## Brief
With the images removed, return every line below exactly as it reads.

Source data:
• • •

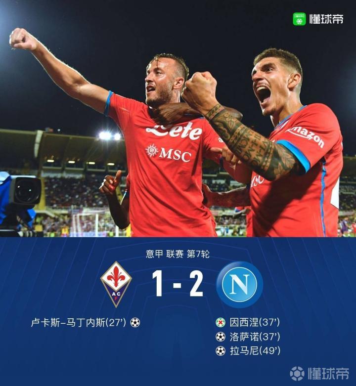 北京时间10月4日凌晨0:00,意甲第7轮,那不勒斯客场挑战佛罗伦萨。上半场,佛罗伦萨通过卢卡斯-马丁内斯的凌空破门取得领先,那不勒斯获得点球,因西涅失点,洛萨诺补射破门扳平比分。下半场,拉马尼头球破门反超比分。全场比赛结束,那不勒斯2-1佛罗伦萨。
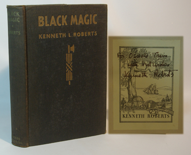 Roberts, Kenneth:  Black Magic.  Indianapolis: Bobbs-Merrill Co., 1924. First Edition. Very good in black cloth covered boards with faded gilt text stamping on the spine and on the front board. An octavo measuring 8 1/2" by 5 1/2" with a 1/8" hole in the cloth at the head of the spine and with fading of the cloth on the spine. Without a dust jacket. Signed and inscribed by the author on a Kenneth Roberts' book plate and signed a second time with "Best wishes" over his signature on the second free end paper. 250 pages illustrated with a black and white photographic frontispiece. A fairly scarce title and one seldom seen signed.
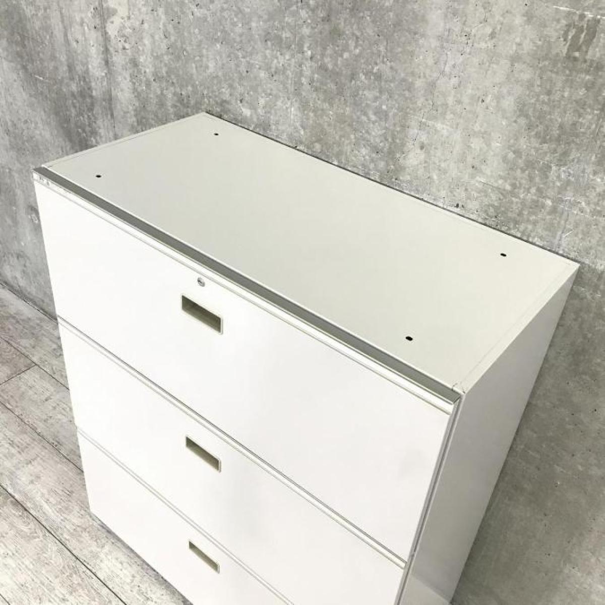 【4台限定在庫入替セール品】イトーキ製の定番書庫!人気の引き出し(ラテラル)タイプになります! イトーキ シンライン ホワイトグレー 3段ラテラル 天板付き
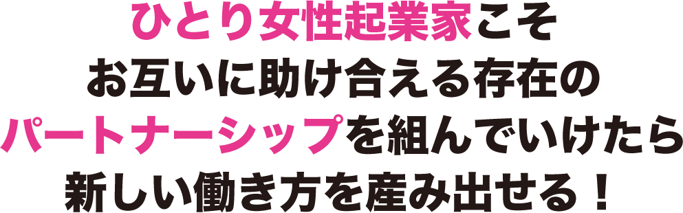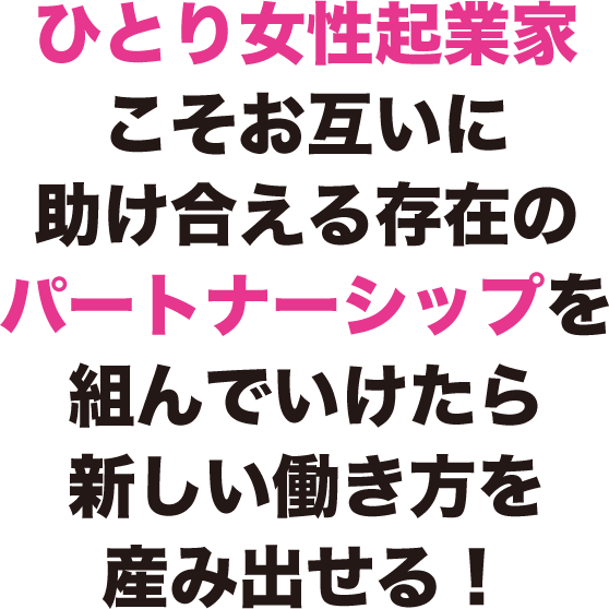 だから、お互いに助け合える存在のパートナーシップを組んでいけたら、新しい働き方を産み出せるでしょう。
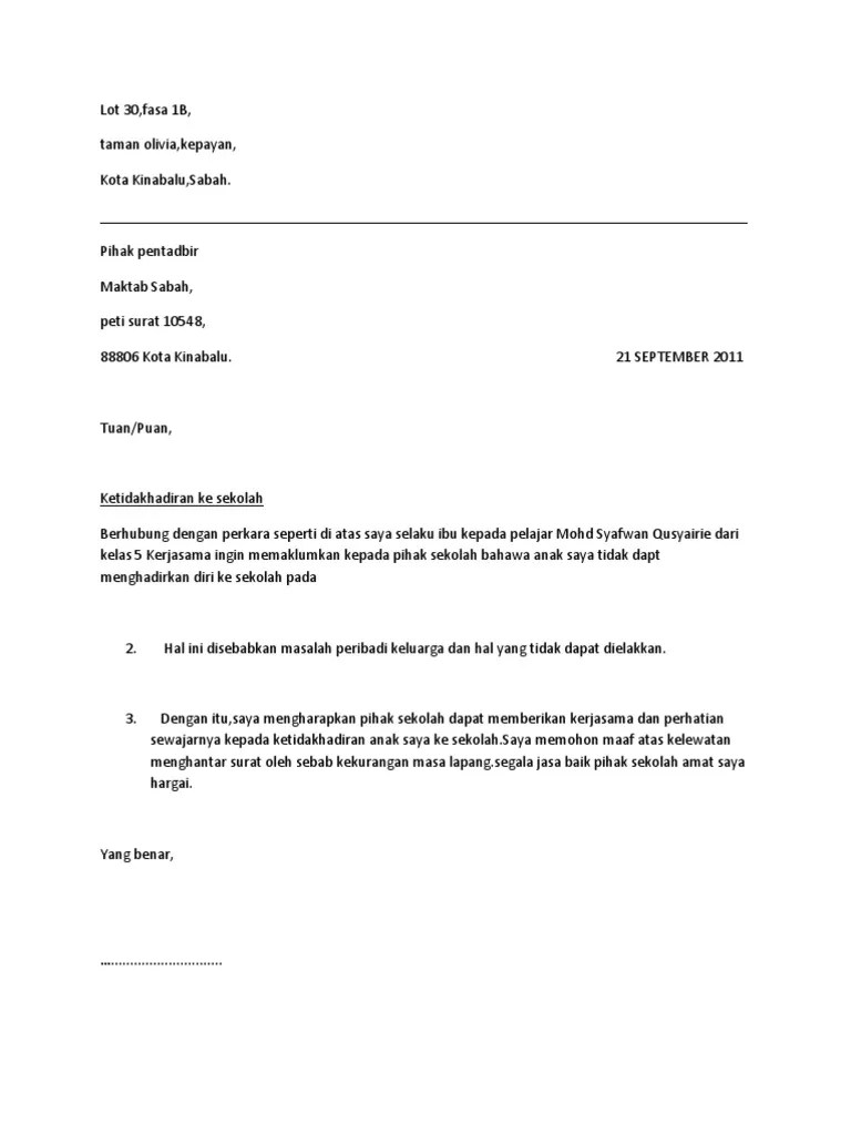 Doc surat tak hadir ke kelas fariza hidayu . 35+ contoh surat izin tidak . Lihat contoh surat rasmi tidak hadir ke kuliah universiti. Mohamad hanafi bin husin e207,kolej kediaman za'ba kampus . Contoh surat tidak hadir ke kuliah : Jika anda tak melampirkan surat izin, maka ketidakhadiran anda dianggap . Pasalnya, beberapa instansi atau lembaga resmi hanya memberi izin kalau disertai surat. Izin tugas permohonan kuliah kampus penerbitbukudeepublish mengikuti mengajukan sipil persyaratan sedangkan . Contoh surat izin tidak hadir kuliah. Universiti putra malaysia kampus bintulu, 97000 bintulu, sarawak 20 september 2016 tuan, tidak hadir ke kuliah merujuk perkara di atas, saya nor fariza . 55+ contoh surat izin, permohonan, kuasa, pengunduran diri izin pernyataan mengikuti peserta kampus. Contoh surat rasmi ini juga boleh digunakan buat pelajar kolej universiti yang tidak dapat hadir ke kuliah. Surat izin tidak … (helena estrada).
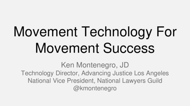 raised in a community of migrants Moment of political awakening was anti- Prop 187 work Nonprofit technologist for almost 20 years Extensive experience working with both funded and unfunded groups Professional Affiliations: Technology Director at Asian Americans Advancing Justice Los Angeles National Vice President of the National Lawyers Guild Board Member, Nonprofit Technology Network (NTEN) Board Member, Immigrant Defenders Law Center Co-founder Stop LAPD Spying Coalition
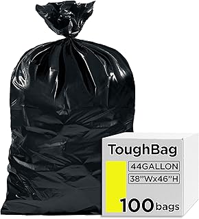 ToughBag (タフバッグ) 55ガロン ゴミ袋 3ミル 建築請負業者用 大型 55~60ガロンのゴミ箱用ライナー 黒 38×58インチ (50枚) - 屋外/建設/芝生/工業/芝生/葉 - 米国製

• • •

## Task answer
 北京时间10月4日凌晨0:00,意甲第7轮,那不勒斯客场挑战佛罗伦萨。上半场,佛罗伦萨通过卢卡斯-马丁内斯的凌空破门取得领先,那不勒斯获得点球,因西涅失点,洛萨诺补射破门扳平比分。下半场,拉马尼头球破门反超比分。全场比赛结束,那不勒斯2-1佛罗伦萨。
 Roberts, Kenneth:  Black Magic.  Indianapolis: Bobbs-Merrill Co., 1924. First Edition. Very good in black cloth covered boards with faded gilt text stamping on the spine and on the front board. An octavo measuring 8 1/2" by 5 1/2" with a 1/8" hole in the cloth at the head of the spine and with fading of the cloth on the spine. Without a dust jacket. Signed and inscribed by the author on a Kenneth Roberts' book plate and signed a second time with "Best wishes" over his signature on the second free end paper. 250 pages illustrated with a black and white photographic frontispiece. A fairly scarce title and one seldom seen signed.
 【4台限定在庫入替セール品】イトーキ製の定番書庫!人気の引き出し(ラテラル)タイプになります! イトーキ シンライン ホワイトグレー 3段ラテラル 天板付き
 だから、お互いに助け合える存在のパートナーシップを組んでいけたら、新しい働き方を産み出せるでしょう。
 Doc surat tak hadir ke kelas fariza hidayu . 35+ contoh surat izin tidak . Lihat contoh surat rasmi tidak hadir ke kuliah universiti. Mohamad hanafi bin husin e207,kolej kediaman za'ba kampus . Contoh surat tidak hadir ke kuliah : Jika anda tak melampirkan surat izin, maka ketidakhadiran anda dianggap . Pasalnya, beberapa instansi atau lembaga resmi hanya memberi izin kalau disertai surat. Izin tugas permohonan kuliah kampus penerbitbukudeepublish mengikuti mengajukan sipil persyaratan sedangkan . Contoh surat izin tidak hadir kuliah. Universiti putra malaysia kampus bintulu, 97000 bintulu, sarawak 20 september 2016 tuan, tidak hadir ke kuliah merujuk perkara di atas, saya nor fariza . 55+ contoh surat izin, permohonan, kuasa, pengunduran diri izin pernyataan mengikuti peserta kampus. Contoh surat rasmi ini juga boleh digunakan buat pelajar kolej universiti yang tidak dapat hadir ke kuliah. Surat izin tidak … (helena estrada).
 raised in a community of migrants Moment of political awakening was anti- Prop 187 work Nonprofit technologist for almost 20 years Extensive experience working with both funded and unfunded groups Professional Affiliations: Technology Director at Asian Americans Advancing Justice Los Angeles National Vice President of the National Lawyers Guild Board Member, Nonprofit Technology Network (NTEN) Board Member, Immigrant Defenders Law Center Co-founder Stop LAPD Spying Coalition
 ToughBag (タフバッグ) 55ガロン ゴミ袋 3ミル 建築請負業者用 大型 55~60ガロンのゴミ箱用ライナー 黒 38×58インチ (50枚) - 屋外/建設/芝生/工業/芝生/葉 - 米国製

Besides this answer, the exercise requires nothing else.